O tecladista faz questão de relembrar o seu humor peculiar. “Para dar risada, você tinha que estar, no mínimo, na mesma frequência que ele”. E faz uma pausa para lamentar: “Pô, faz falta, faz muita falta.”
NOVA ROUPAGEM, SEM PERDER A IDENTIDADE
Mesmo com todo respeito ao rei da soul music brasileira, os músicos da Vitória Régia se permitiram uma ou outra ousadia nas criações que integram o repertório da banda. “Inverter um acorde aqui, outro ali. Abrir uns vocais em alguns lugares em que talvez fossem uníssonos. Inserimos algumas frases, abrimos espaço para vocal em alguns metais. Mas fizemos questão de não descaracterizar os arranjos”, conta Mazza. “É muito sutil, mas achamos por bem dar uma enriquecida em alguns acordes. “Nós não consideramos uma alteração, só um toque, um acabamento diferente”, esclarece.
Entre muitas características que carregam desse estilo herdado da vida com Tim Maia, a Vitória Régia mantém essa sede por descobertas. “Somos muito abertos a receber propostas de autores conhecidos e desconhecidos. O nosso repertório se consolida com composições de integrantes ou não. Logo vamos lançar uma chamada para instrumentistas, músicos, dar voz para essa nova geração de músicos”, adianta.

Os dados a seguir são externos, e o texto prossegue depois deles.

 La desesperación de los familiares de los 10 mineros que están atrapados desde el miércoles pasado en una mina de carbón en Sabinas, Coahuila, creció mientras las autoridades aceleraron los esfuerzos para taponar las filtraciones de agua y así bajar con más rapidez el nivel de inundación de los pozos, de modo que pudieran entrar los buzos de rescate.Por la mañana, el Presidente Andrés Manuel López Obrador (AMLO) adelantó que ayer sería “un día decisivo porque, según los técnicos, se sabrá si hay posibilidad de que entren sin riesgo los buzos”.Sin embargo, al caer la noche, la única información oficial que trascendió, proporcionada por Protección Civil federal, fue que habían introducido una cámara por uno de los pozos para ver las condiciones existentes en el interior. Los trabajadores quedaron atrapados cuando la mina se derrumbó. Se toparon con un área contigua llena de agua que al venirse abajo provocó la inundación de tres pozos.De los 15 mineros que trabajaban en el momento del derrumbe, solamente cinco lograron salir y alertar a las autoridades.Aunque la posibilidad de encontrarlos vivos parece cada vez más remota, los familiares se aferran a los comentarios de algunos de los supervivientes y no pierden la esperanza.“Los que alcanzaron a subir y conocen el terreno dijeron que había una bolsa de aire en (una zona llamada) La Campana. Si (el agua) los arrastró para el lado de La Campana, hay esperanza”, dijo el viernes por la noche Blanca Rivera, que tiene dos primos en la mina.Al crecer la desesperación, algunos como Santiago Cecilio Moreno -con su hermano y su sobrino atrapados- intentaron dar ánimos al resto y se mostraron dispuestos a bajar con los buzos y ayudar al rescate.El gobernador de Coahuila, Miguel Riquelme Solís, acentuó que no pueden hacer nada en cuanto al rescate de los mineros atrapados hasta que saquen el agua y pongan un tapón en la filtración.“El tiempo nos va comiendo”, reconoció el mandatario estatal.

Enquanto banda, não existe um método ou um processo mapeado para que uma nova música entre no repertório. “Se a gente ouvir e entrar na alma, perceber que tem esse tempero, esse DNA do Tim, já está na lista. A gente vai montando conforme a gente conversa, ouve, é quase instintivo”, conta.

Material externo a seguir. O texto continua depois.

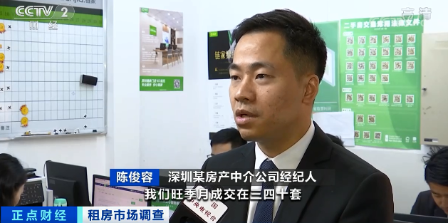 深圳某房产中介公司经纪人 陈俊容:我们门店的成交有明显下滑,旺季月成交在三四十套,现在淡季的成交不到十套。

Para manter a sua essência, a banda comprou a ideia da formação original proposta por Tim. “Sempre com três vocais e três metais. Por que não dois? Porque é muito simples. Dois sons não fazem um acorde, eles propõem um intervalo – pode ser de terça, de quinta, de nona, enfim. Com três, sim, você faz um acorde. Para o Tim, dois integrantes nos vocais e dois nos metais, não preenchiam esse pré-requisito mínimo”, esclarece.
Na voz, três vocais femininos estão sempre na formação, embora a ideia central seja de que todos soltem a voz na catarse sonora. “Se chegava um baterista mais técnico, mirrado, o Tim pegava a baqueta, sentava a porrada na bateria e falava pro cara: toma aqui cinquentinha para a sua passagem, um baseado para você queimar de noite com a sua esposa e tchau”, relembra. “Dava pena, mas era o jeito dele.”

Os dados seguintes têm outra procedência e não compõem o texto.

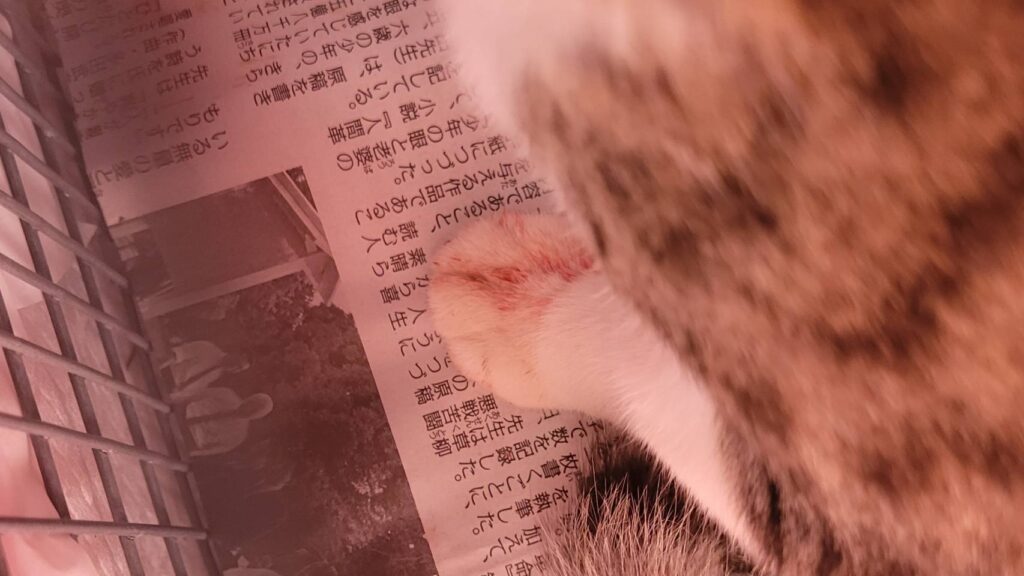 捕獲器は釣り針式捕獲器で、捕獲時にびっくりした猫さんは、釣り針で左手にケガを負っていました!

A estrutura da big band é linda na teoria e no jeito Tim Maia de fazer música, mas os dias de hoje pedem um pé na realidade e outro na praticidade. “Muitas vezes essa estrutura é inviável para shows no Norte, Nordeste... É um staff grande, 12 ou 14 tocando, mais uma equipe técnica com cinco pessoas.
Não tem como fazer se não for uma pequena turnê, com três ou quatro shows”, conta.
É impossível dissociar a banda do seu criador, e o criador da criatura. Se lançar um álbum hoje em dia não é tarefa simples, Claudio Mazza e companhia trabalham duro para manter viva a memória dos bons tempos da soul music e o espírito das big bands. “Se pudermos ser influência para qualquer meia dúzia, já é um orgulho enorme para nós”.